# First Art Show



## S2artDesigns (Aug 4, 2011)

First forum topic also but I just got contacted to possibly be a vendor at the Georgia Winery here in North GA at some of their events and I wanted to pick the brains of the LJ community. What should I expect, take, etc, any questions you think I should know the answer to or tips. I have never done any kind of show like this before so any advice would be awesome!


----------



## rsdowdy (Aug 25, 2009)

I'd take anything that would show my skills or display wine bottles. I'd make some of those single bottle hang in the air stands that hold the bottle 4" off the counter top with a single piece of wood. Any kind of wine rack you can think of. I'd get pictures of wine racks/cabinets that you know you can build and put them in a notebook as suggested items. I'd take business cards and hand them out like pieces of candy. I'd make up fliers that spoke about yourself, your family, your efforts in your community, how you became a woodworker and about your love of woodworking. Pictures speak louder than words. If you make a favorable impression on the customer, you might earn their real business down the road. And I wouldn't haggle prices. State the prices you need for the cheap items, and then hold to them. By haggling you will undervalue your work and your more expensive items.


----------



## Tennessee (Jul 8, 2011)

I agree completely with rsdowdy. Wine people are not generally snobs, especially in North GA, (I live just over the border in SE Tennessee), but the wine show will attract people who love wine, AND other fine things, and they will come with money in their pockets.
By showing you are a craftsman with an ability for them to pursue their love of wine, you'll get sales. Also, I would include any small items you might have built, like freeform boxes, maybe some lathed products, anything that is a little upscale and would fit in with a nice home. Winos don't come to wineries, but people with money who drink wine, and often collect other things do attend these shows.
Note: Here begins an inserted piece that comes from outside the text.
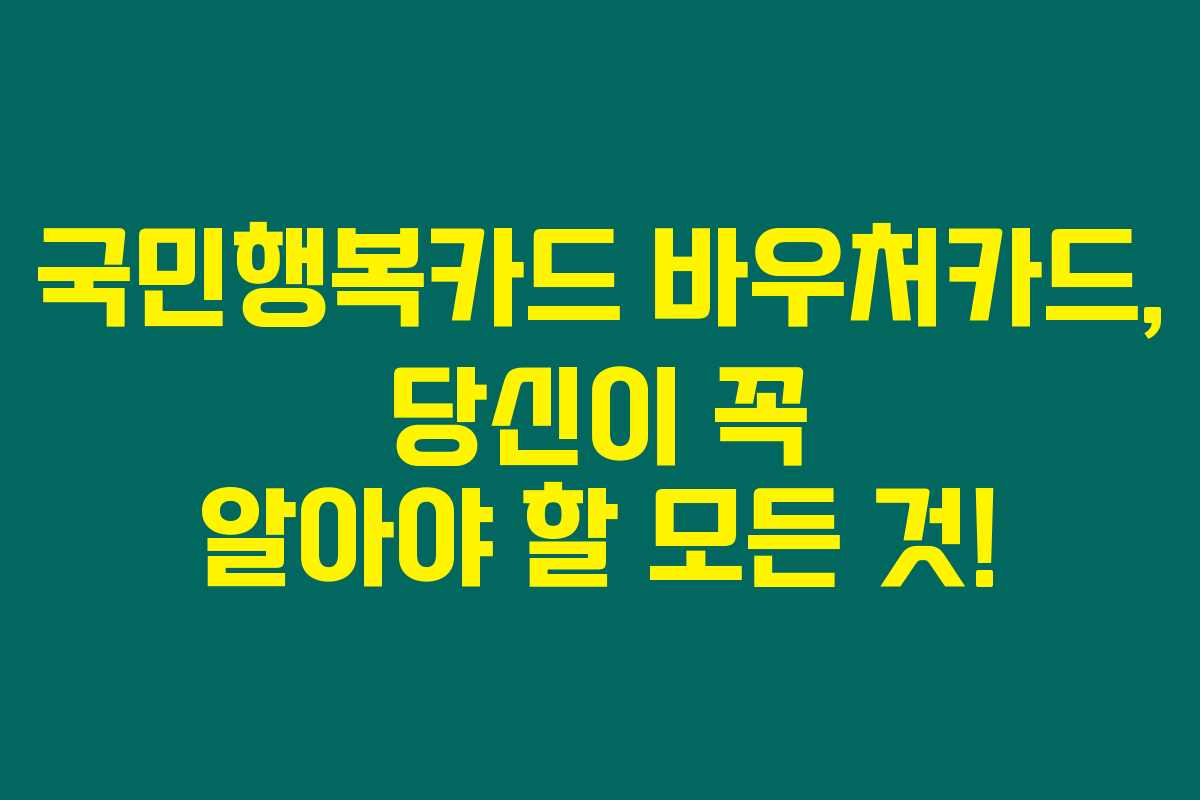 국민행복카드를 모르고 있다면 정말 손해일지도 몰라요. 다양한 혜택을 누리고 싶다면 아래 정보를 주목해 보세요.

Giving them something else to look at and discuss while they taste the wine will spark sales for you.


----------



## S2artDesigns (Aug 4, 2011)

Thanks for the advice everyone. I had a thought to make wine bottle stoppers for the show but with school in session I just don't have the time. Im actually kind of pressed to get enough items completed for the show to be able to sell. haha. I'm hoping it all goes well. Ideally I would be selling my pendants, walking sticks, and photography prints. But I am probably just going to have necklaces to sell. Sticks take more time than I have and I don't have the money to just print a ton of photos. But I can crank out those pendants pretty well. Again thanks for the advice! Much appreciated it is.


----------



## MrsN (Sep 29, 2008)

I have made some pieces of jewelry with cork accents. They go over really well with people who like wine. I used an old bulitin board for my material, but have wanted to cut up an actual wine cork.



There are lots of possibilites! Just be careful if you try cutting a round cork (or anything round) with power tools, they are not stable and will rock and cause problems.


----------